BEGIN

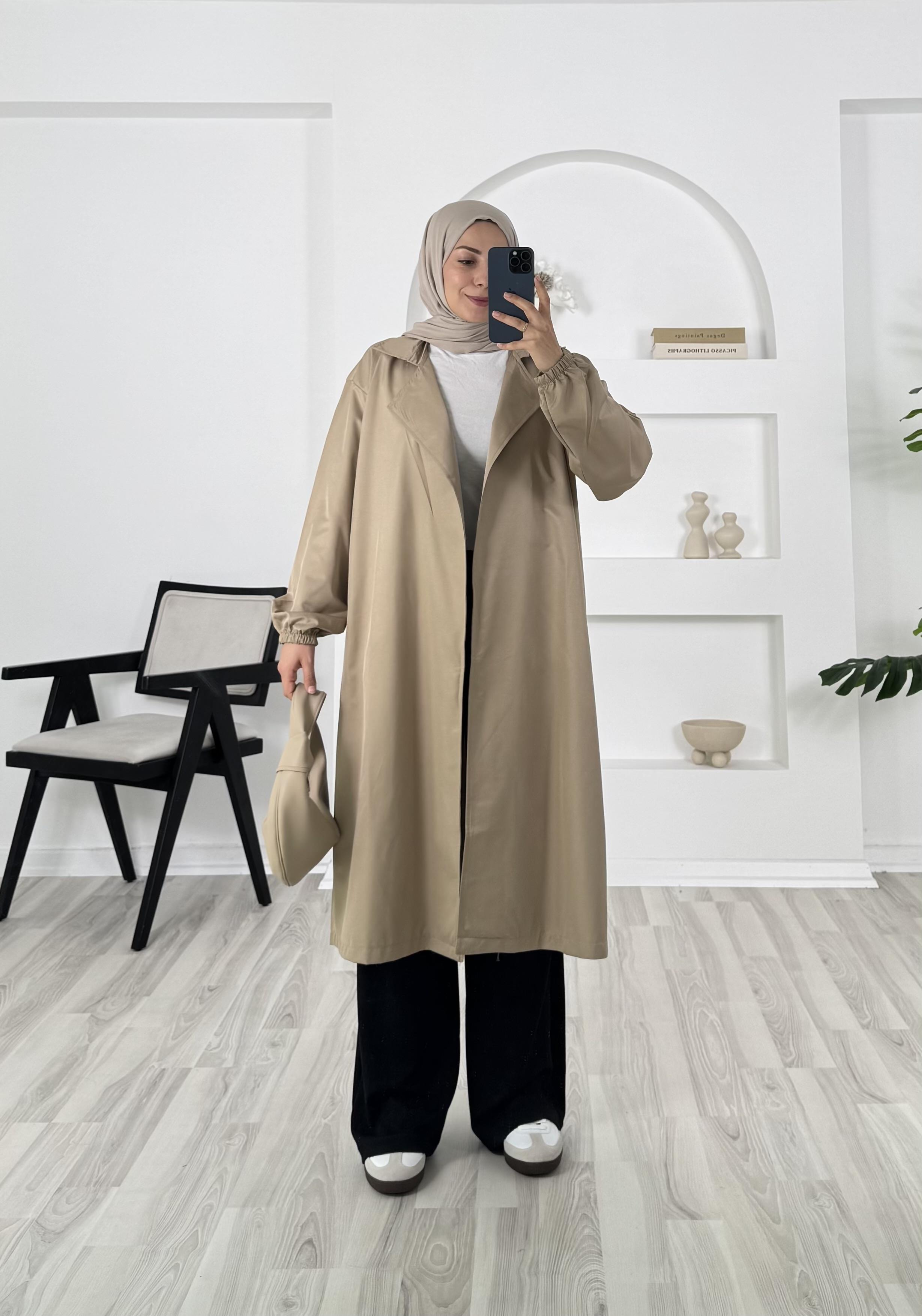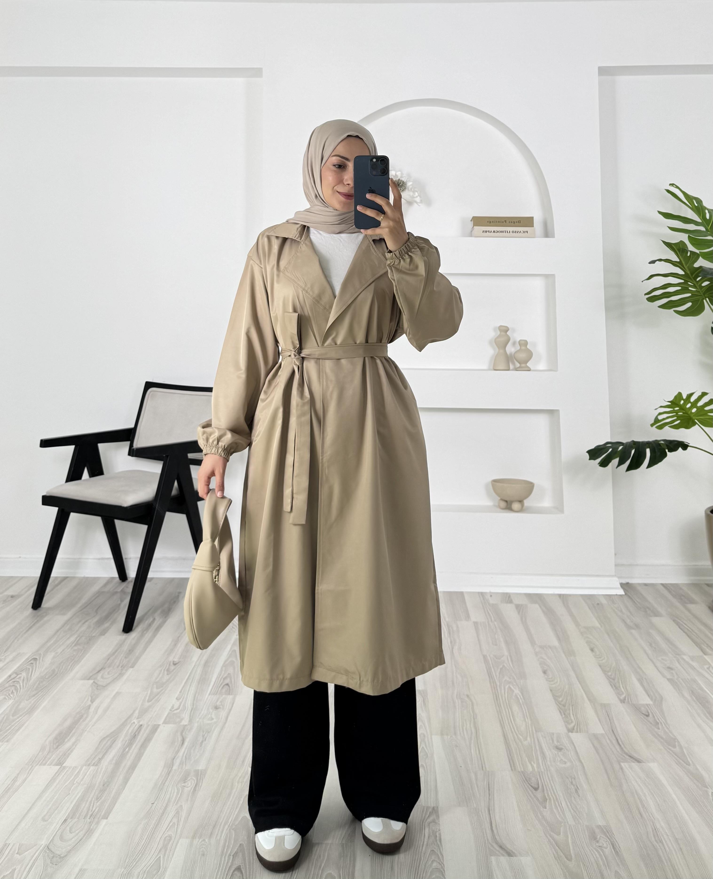 6702 - soft kumaş kolları lastikli trenç -sütlü kahve (6702)
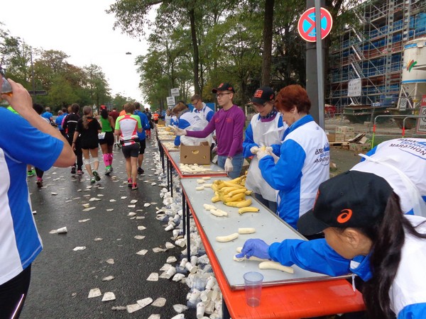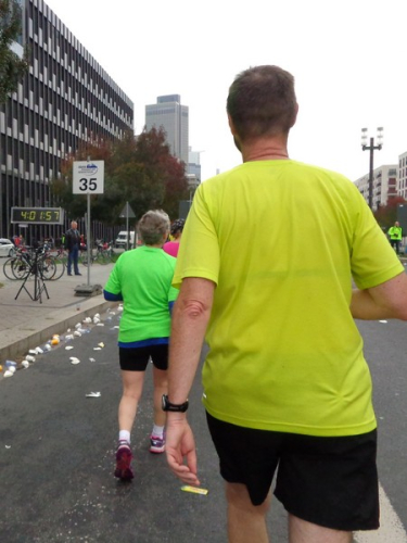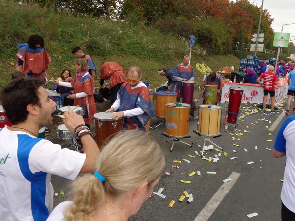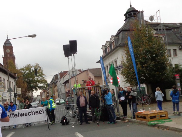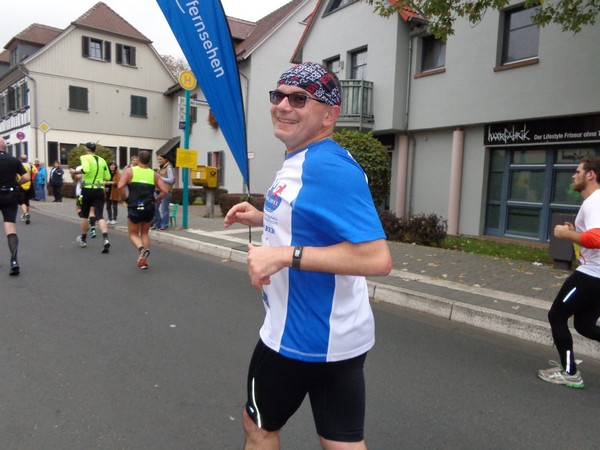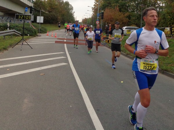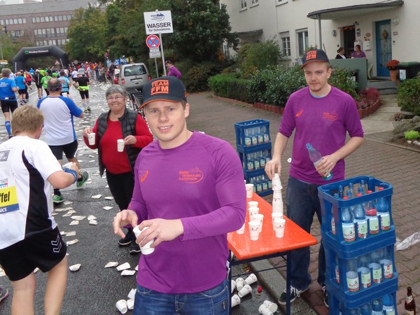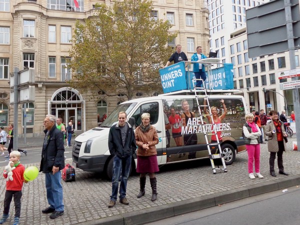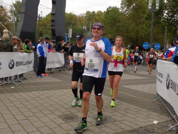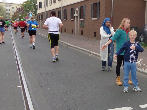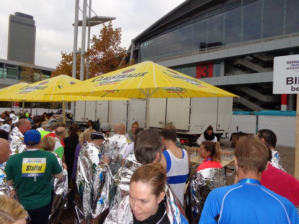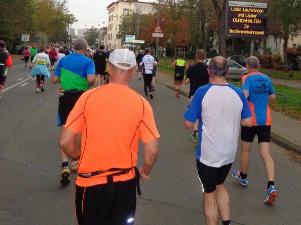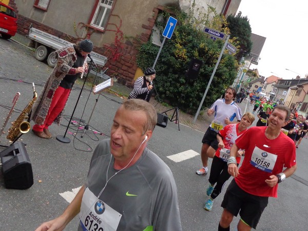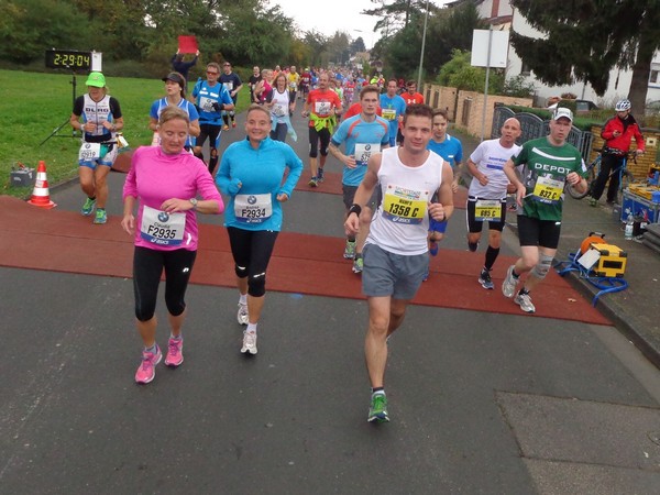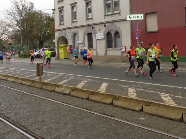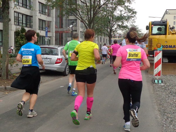 Alle 2,5km gibt es Wasser, alle 5km zusätzlich Iso, Tee, Bananen, so lässt es sich aushalten. In Niederrad bei km19 erfolgt der nächste Staffelwechsel, ähnlich elegant gelöst wie zuvor. Vom Moderator erfahren wir, dass der Sieger Mark Kiptoo (KEN) mit 2:06:49 ins Ziel gekommen ist, und dass Arno Gabius bei seinem ersten Marathon mit 2:09:32 Gesamt-9. geworden ist. Der schnellste Deutsche seit langem. Wir fühlen uns unverändert gut, Hannes brauche ich nun nicht mehr zu bremsen, das Tempo hat sich eingependelt.
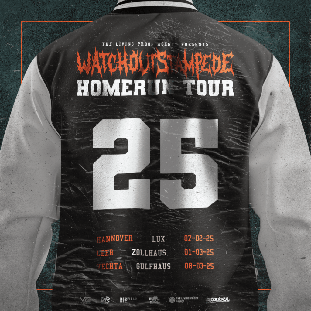 Rundumschlag im Norden! WATCH OUT STAMPEDE gehen im kalten Küstenwinter auf Tour und knöpfen sich dafür die heißesten Venues der norddeutschen Tiefebene vor. Ausgehend von ihrer Heimat Bremen schwingen sie die Metalcore-Keule in alle Himmelsrichtungen – bis kein Stein mehr auf dem anderen geblieben ist! Ist auch kein Wunder, denn auch sonst brennen WATCH OUT STAMPEDE lichterloh: Letztes Jahr hat das Quartett ein ordentliches Tempo vorgelegt und alle zwei Monate eine nagelneue Single gepitcht. Nun ist es an der Zeit, das Material auf die Welt loszulassen! Das heißt, große Refrains, wütender Core und verschwitzte Mittdreißiger zum Anfassen. Wer will da noch mehr? WATCH OUT STAMPEDE kommen in eure Stadt – und ihr kommt in euren Lieblingsclub. Das wird ein HOMERUN!
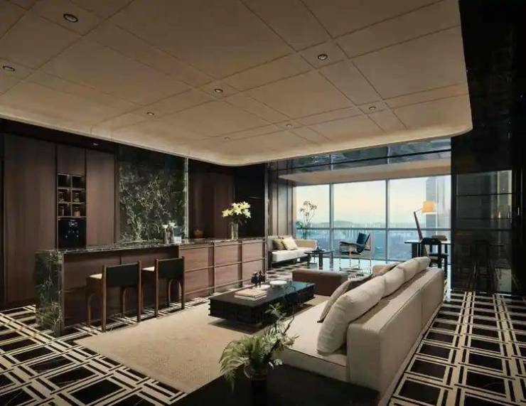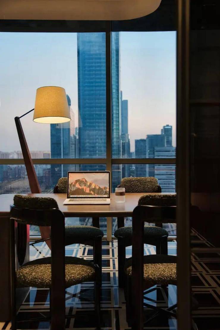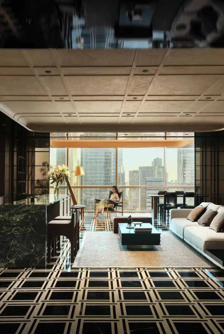 设计通过对空间情绪的微妙拿捏,推敲繁与简的平衡关系。洽谈区作为临时活动与灵感讨论场所,于落地窗前拥揽城市中心,顺应着现代主义与复古典雅的交融,铺展优雅繁华的人文脉络。
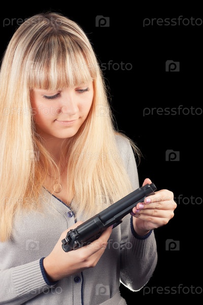Девушка с пистолетом на черном фоне
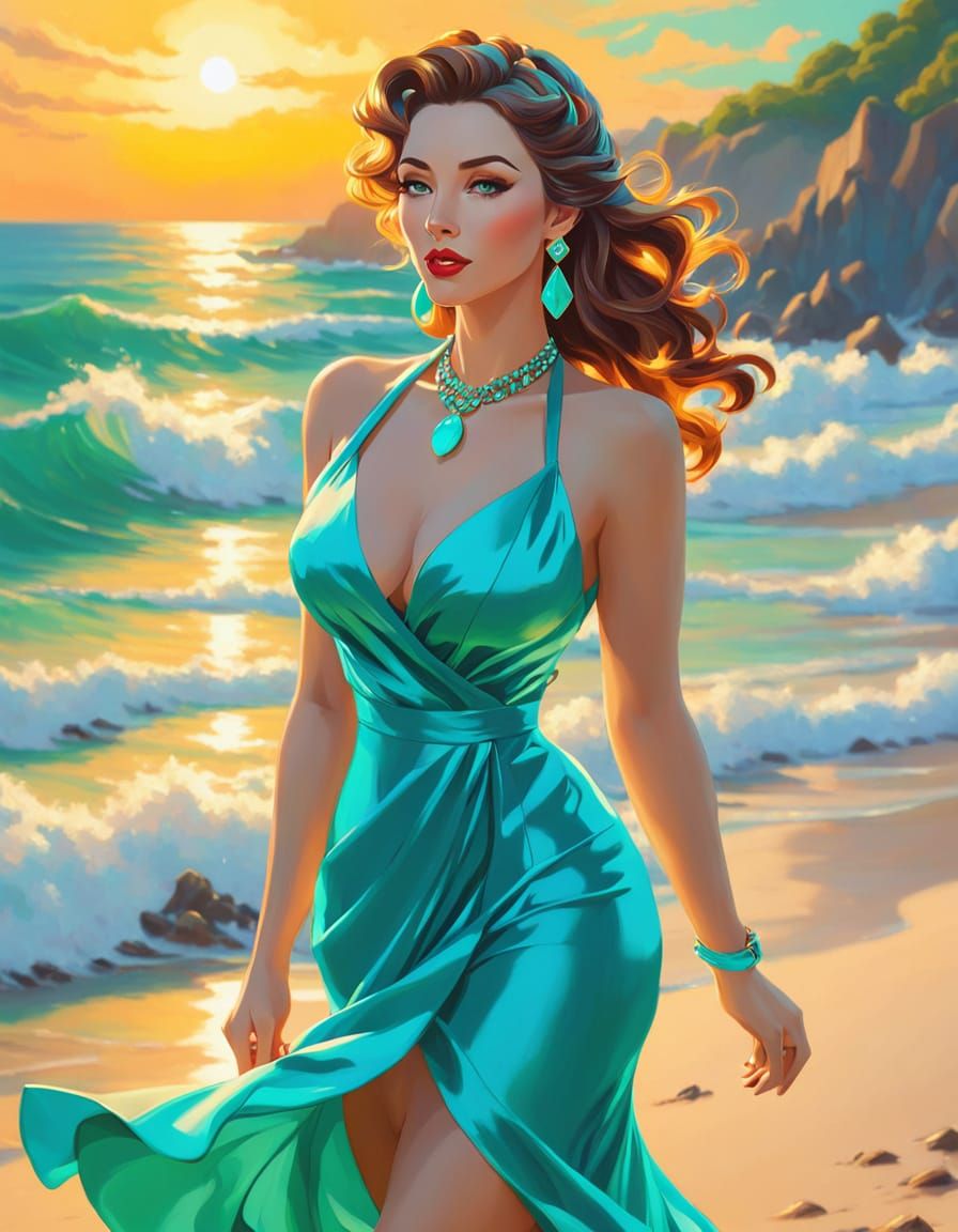 This image shows a young woman in a flowing turquoise dress walking on a beach during golden hour. The vibrant oil painting style highlights her braided hair and shining earrings against soft blue-green waves.

END

§ **Your objective**: Since the pictures are not part of the copy, transcribe only the remaining material, exactly.

§ **Response area**:
 6702 - soft kumaş kolları lastikli trenç -sütlü kahve (6702)
 Alle 2,5km gibt es Wasser, alle 5km zusätzlich Iso, Tee, Bananen, so lässt es sich aushalten. In Niederrad bei km19 erfolgt der nächste Staffelwechsel, ähnlich elegant gelöst wie zuvor. Vom Moderator erfahren wir, dass der Sieger Mark Kiptoo (KEN) mit 2:06:49 ins Ziel gekommen ist, und dass Arno Gabius bei seinem ersten Marathon mit 2:09:32 Gesamt-9. geworden ist. Der schnellste Deutsche seit langem. Wir fühlen uns unverändert gut, Hannes brauche ich nun nicht mehr zu bremsen, das Tempo hat sich eingependelt.
 Rundumschlag im Norden! WATCH OUT STAMPEDE gehen im kalten Küstenwinter auf Tour und knöpfen sich dafür die heißesten Venues der norddeutschen Tiefebene vor. Ausgehend von ihrer Heimat Bremen schwingen sie die Metalcore-Keule in alle Himmelsrichtungen – bis kein Stein mehr auf dem anderen geblieben ist! Ist auch kein Wunder, denn auch sonst brennen WATCH OUT STAMPEDE lichterloh: Letztes Jahr hat das Quartett ein ordentliches Tempo vorgelegt und alle zwei Monate eine nagelneue Single gepitcht. Nun ist es an der Zeit, das Material auf die Welt loszulassen! Das heißt, große Refrains, wütender Core und verschwitzte Mittdreißiger zum Anfassen. Wer will da noch mehr? WATCH OUT STAMPEDE kommen in eure Stadt – und ihr kommt in euren Lieblingsclub. Das wird ein HOMERUN!
 设计通过对空间情绪的微妙拿捏,推敲繁与简的平衡关系。洽谈区作为临时活动与灵感讨论场所,于落地窗前拥揽城市中心,顺应着现代主义与复古典雅的交融,铺展优雅繁华的人文脉络。
Девушка с пистолетом на черном фоне
 This image shows a young woman in a flowing turquoise dress walking on a beach during golden hour. The vibrant oil painting style highlights her braided hair and shining earrings against soft blue-green waves.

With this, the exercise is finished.